The effectiveness of loading Ag on tuning interfacial energetics was investigated by comparing the overall Schottky barrier heights of BiVO4, BiVO4/Pd, BiVO4/Ag, and BiVO4/(Ag/Pd) using ultraviolet photoelectron spectroscopy (UPS). Here, the overall Schottky barrier heights are quantified by the distance between valence band and the Fermi level position, (Ev − Ef)31. The (Ev − Ef) of BiVO4, BiVO4/Ag, BiVO4/Pd, and BiVO4/(Ag/Pd) were determined to be 2.22, 2.35, 2.25 and 2.36 eV, respectively (Fig. 1e).
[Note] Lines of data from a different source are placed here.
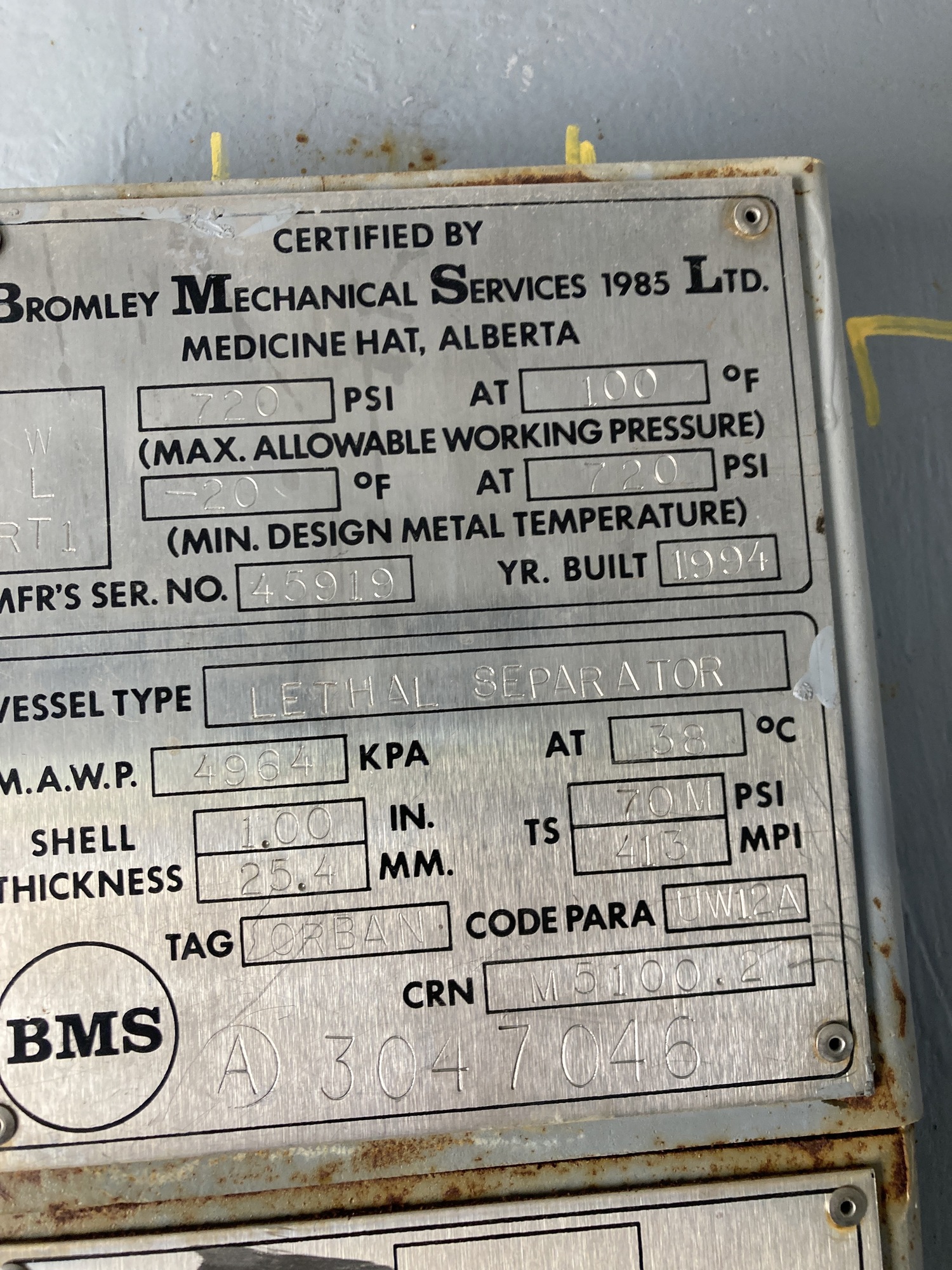 MAWP (PSI) 720
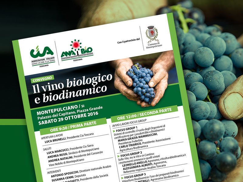 Sabato 29 ottobre 2016 dalle ore 9:30 al Palazzo del Capitano (Piazza Grande) di Montepulciano (SI) il convegno organizzato da Cia Toscana e Anabio Toscana dal titolo “Il vino biologico e biodinamico”, con il patrocinio del Comune di Montepulciano. Vai alla pagina per registrarti al convegno.
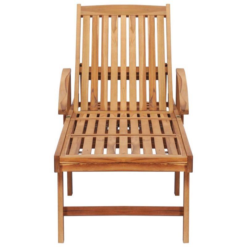 С този дървен шезлонг винаги ще разполагате с удобно място за почивка във вашия вътрешен двор или в градината си. Уникалната дървена структура е приветлива и излъчва естествен чар. Тази мебел от тик е изработена от изключително издръжлива тикова твърда дървесина, която е суха – изсушена в пещ, а след това фино шлифована, за да ѝ се придаде много гладък вид. Тиковото дърво е известно с изключителната си здравина и устойчивост на атмосферни влияния, което го прави далеч по-подходящо за градински мебели от всеки друг вид дърво. Тиковата дървесина е идеалният избор, ако искате да закупите дълготрайна градинска мебел. Снабден с 2 колелца, градинският шезлонг може лесно да се мести. Облегалката може да се регулира в 3 позиции – от седнало напълно изправено до напълно легнало положение. Опората за крака също е регулируема за допълнителен комфорт. Ламелите на седалката и облегалката предлагат отлична опора и също така комфорт, а двата подлакътника осигуряват място за почивка на ръцете ви. В допълнение, страничната маса ви позволява да поставите вашите телефони, слънчеви очила, напитки, както и други дребни предмети на леснодостъпно място. Включената възглавница е повече от практично допълнение; тя има и декоративна функция. Забележка: За да удължите живота на вашите градински мебели, ви препоръчваме да ги защитите с водоустойчиво покривало.
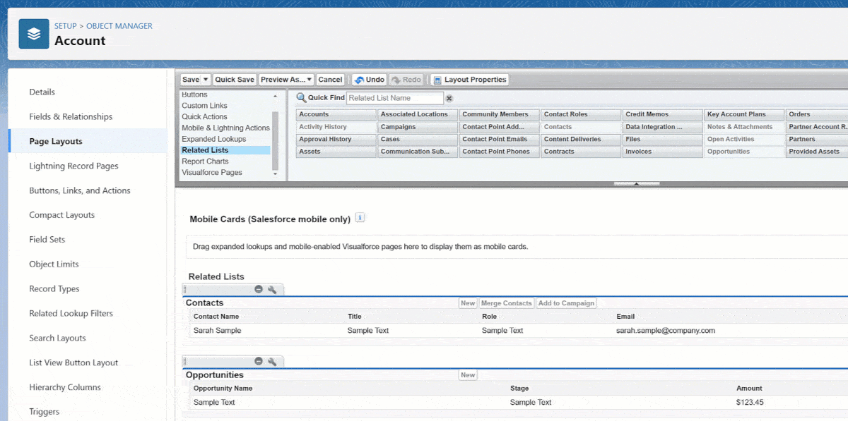 Remember, you’ll need to do this for each Account Page Layout if you have more than one.
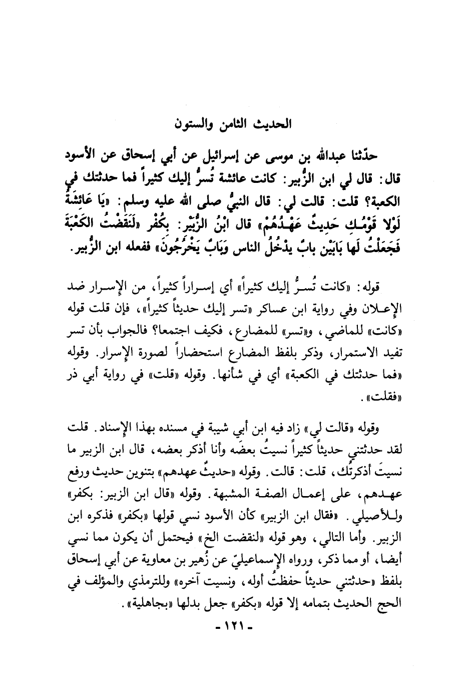 حَدَّثَنَا عُبَيْدُ اللَّهِ بْنُ مُوسَى عَنْ إِسْرَائِيلَ عَنْ أَبِي إِسْحَاقَ عَنِ الأَسْوَدِ قَالَ: قَالَ لِي ابْنُ الزُّبَيْرِ: كَانَتْ عَائِشَةُ تُسِرُّ إِلَيْكَ كَثِيرًا فَمَا حَدَّثَتْكَ فِى الْكَعْبَةِ؟ قُلْتُ: قَالَتْ لِي: قَالَ النَّبِيُّ -صلى الله عليه وسلم-: "يَا عَائِشَةُ، لَوْلاَ قَوْمُكِ حَدِيثٌ عَهْدُهُمْ" قَالَ ابْنُ الزُّبَيْرِ: بِكُفْرٍ "لَنَقَضْتُ الْكَعْبَةَ فَجَعَلْتُ لَهَا بَابَيْنِ بَابٌ يَدْخُلُ النَّاسُ، وَبَابٌ يَخْرُجُونَ". فَفَعَلَهُ ابْنُ الزُّبَيْرِ.
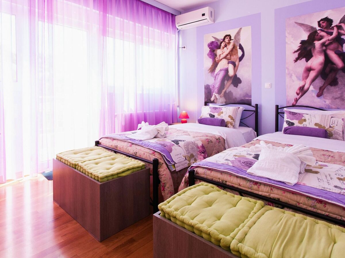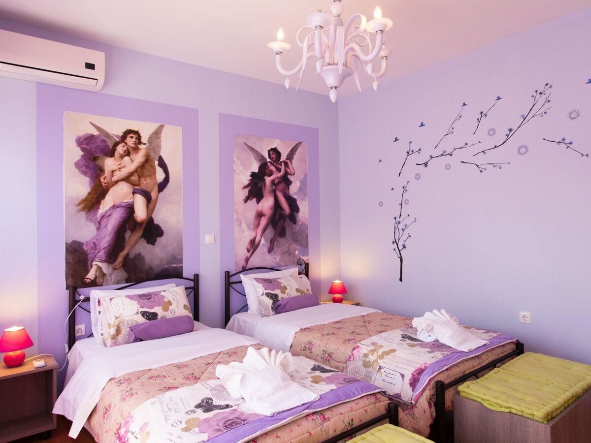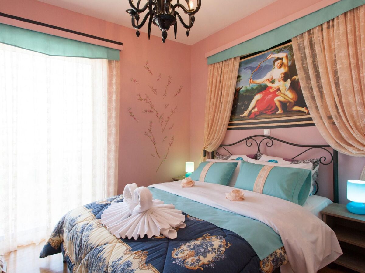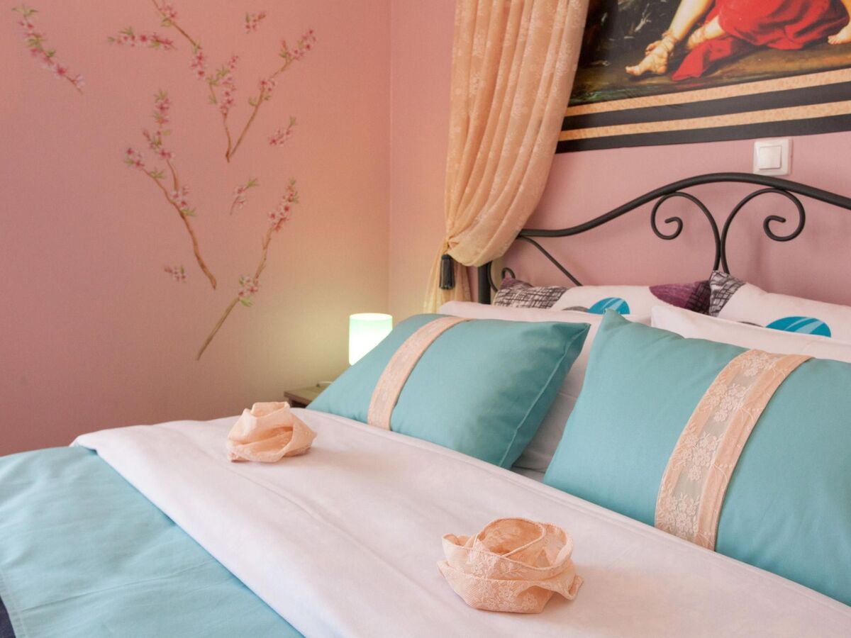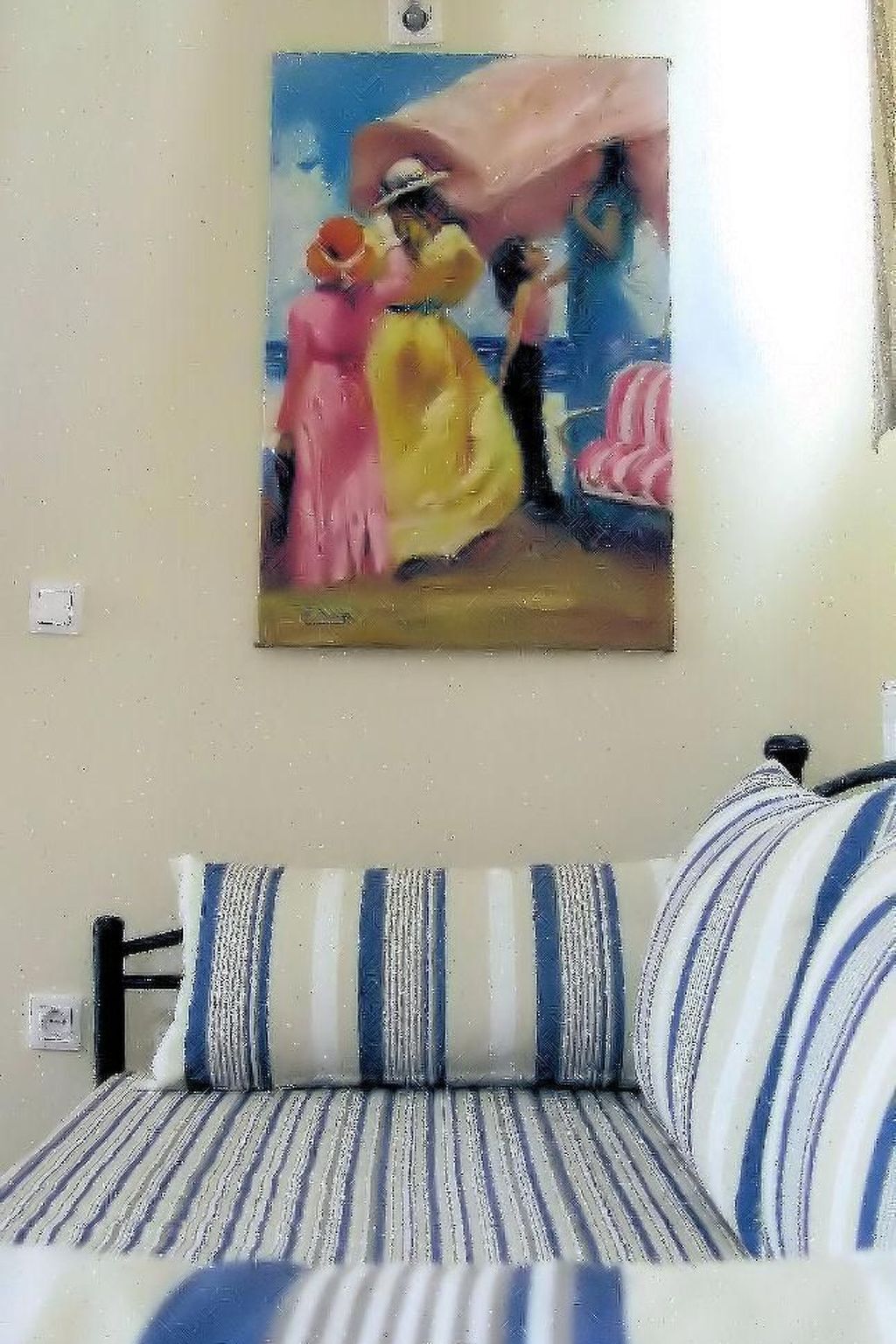 You will feel at home straight away in the three individually decorated bedrooms: the wallpaper features motifs from Greek mythology and the beds have cotton bed linen and day throws.
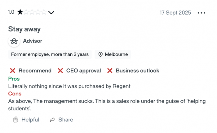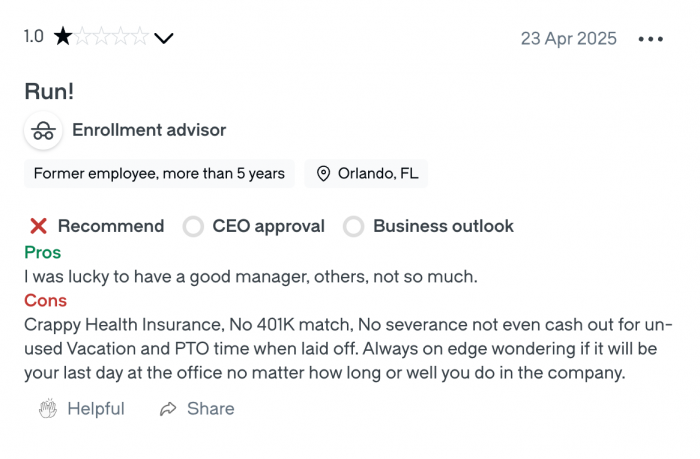 Glassdoor reviews paint a bleak picture. Across 79 reviews, the company averages 2.8 stars, well below the education industry’s 3.7-star average. A recurring theme emerges:
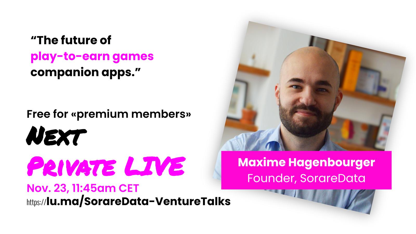 🔥 On Tuesday Nov. 23rd, at 11h45am CET, we will be discussing live for our «Venture Talks #6» with Maxime Hagenbourger, Founder of SorareData who recently raised a $700k pre-seed round led by Seedcamp. Hmmm Seedcamp? Sorare? Yes. We had on the show Sia Houchangnia, VC & Partner @ Seedcamp (full replay here) who had backed Sorare at its $500k seed round early 2019. A few days back, Sorare raised $680 million for its fantasy sports NFT game.
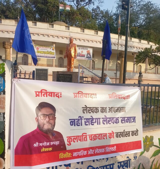 रायपुर। वरिष्ठ कथाकार-उपन्यासकार मनोज रुपड़ा से बदसलूकी करने वाले कुलपति आलोक चक्रवाल को हटाने की मांग को लेकर छत्तीसगढ़ के रायपुर में लेखक-संस्कृतिकर्मियों और पत्रकारों ने आज सड़क पर उतरकर प्रतिवाद दर्ज किया और राष्ट्रपति के नाम पर राज्यपाल को ज्ञापन सौंपा।
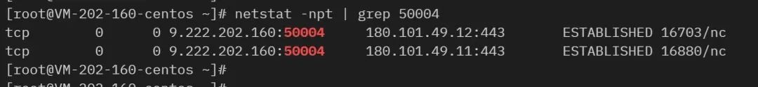 仔细看,上面这两条 TCP 连接的四元组信息中的「目的 IP 地址」是不同的,一个是 180.101.49.12 ,另外一个是 180.101.49.11。
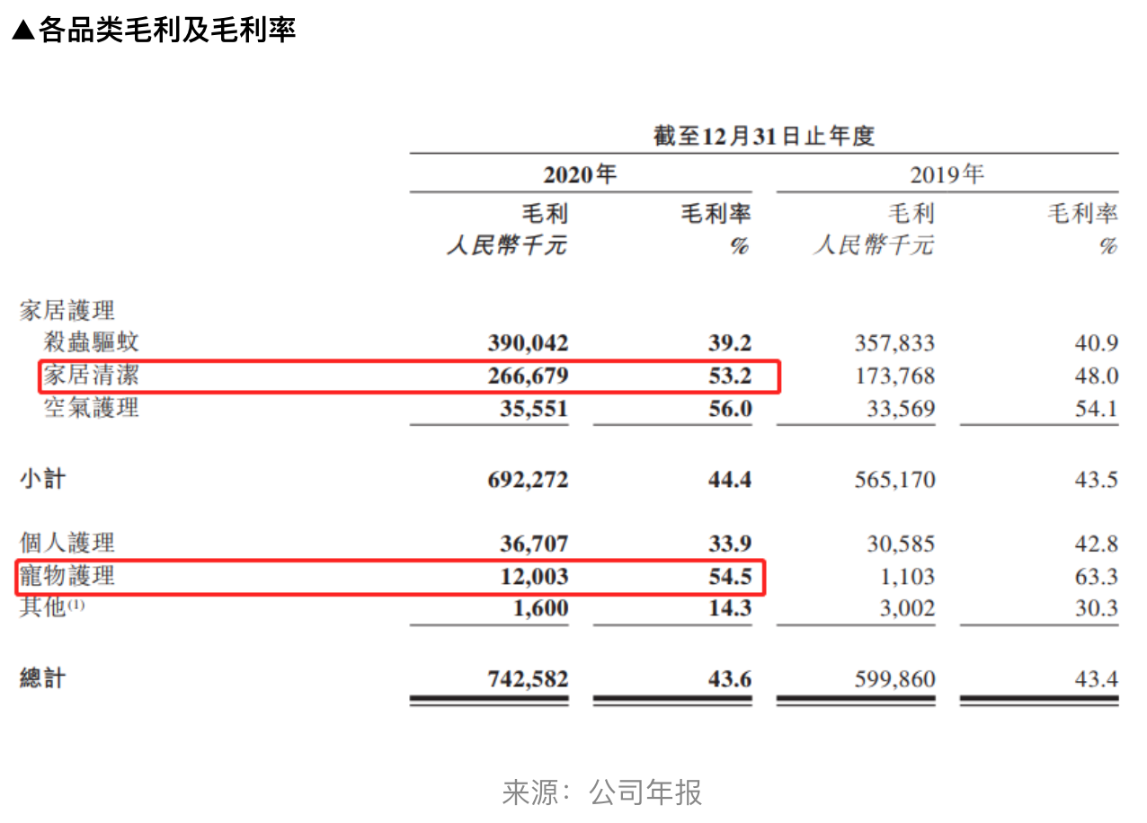 此外,在该公司的所有产品品类中,家居清洁及宠物护理业务的毛利率最高,分别为53.2%及54.5%。由于这两项高毛利业务的快速增长,带动了公司整体毛利率的提升。
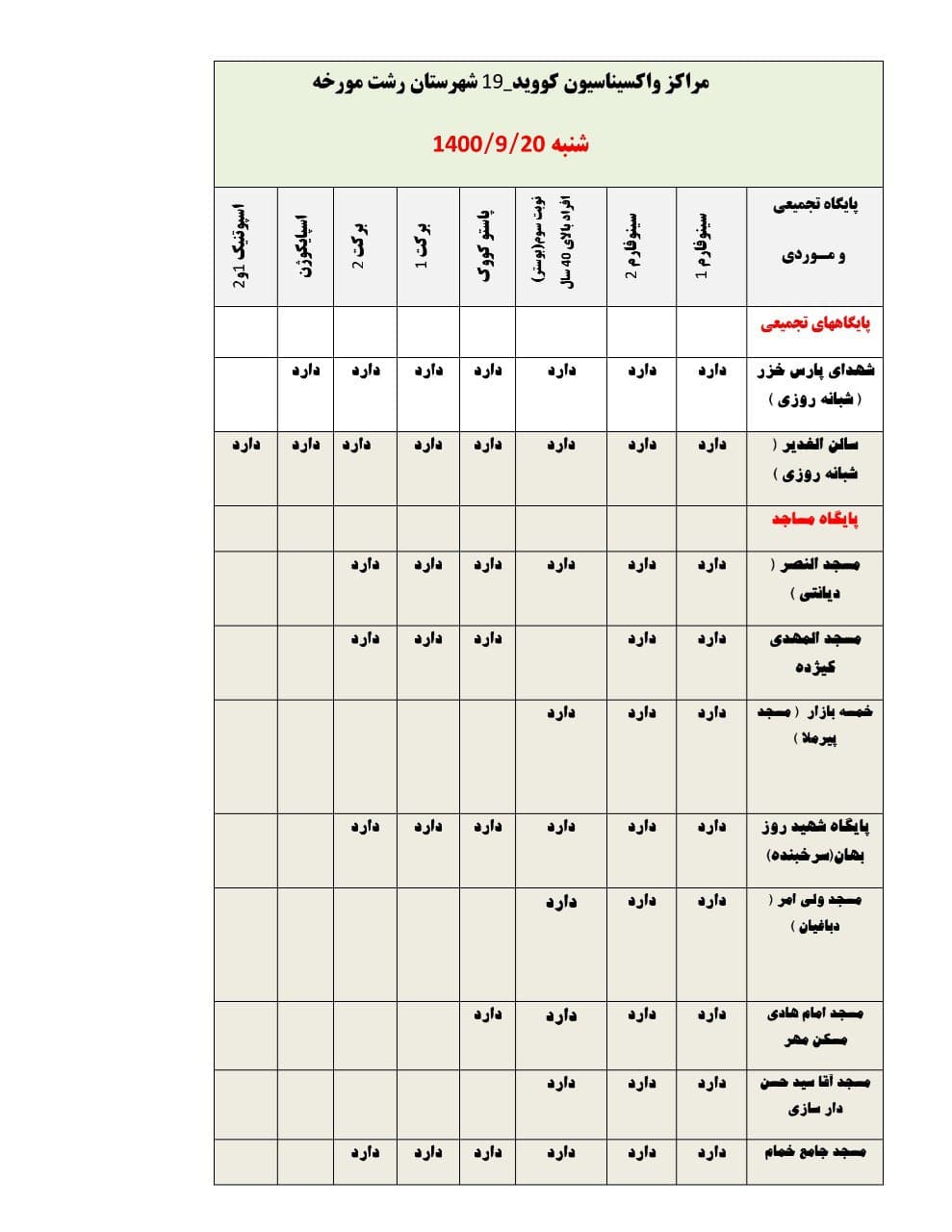 مراکز واکسیناسیون در شهرستان رشت و خمام (شنبه ۲۰ آذر) آماده تزریق واکسن به عموم مردم هستند.در این مراکز تزریق واکسن اسپایکوژن، سینوفارم ۱ و ۲، برکت ۱ و ۲ و پاستوکووک و در یک مرکز اسپوتنیک، صورت میگیرد.

Since Pd has a high work function (5.6 eV), BiVO4/Pd built up a high Schottky barrier. In comparison, BiVO4/Ag exhibits a lower Schottky barrier attributed to the low work function of Ag (4.3 eV). Such a low Schottky barrier was maintained on BiVO4/(Ag/Pd) with a direct contact between Ag and BiVO4 (Fig. 1f). Consistent with UPS results, the binding energies of Bi and V in XPS spectra follow the order of BiVO4/Ag <BiVO4/Pd <BiVO4 (Fig. S10), indicating that Ag on {010} facets reduced excitation energy of BiVO4 valence electrons by lowering the Schottky barrier. Notably, both the UPS and XPS analyses are based on overall energetics of BiVO4 rather than the local one at the {010} facets. Therefore, the impact of Ag on the Schottky barrier at {010} facets should be even higher than UPS observations (confirmed by electrical simulation results, see below). While it is desirable to directly compare the local Schottky barriers at {010} facets with recently developed potential-sensing electrochemical atomic force microscopy in Boettcher group, its application on a particulate photocatalyst is still under progress32,33.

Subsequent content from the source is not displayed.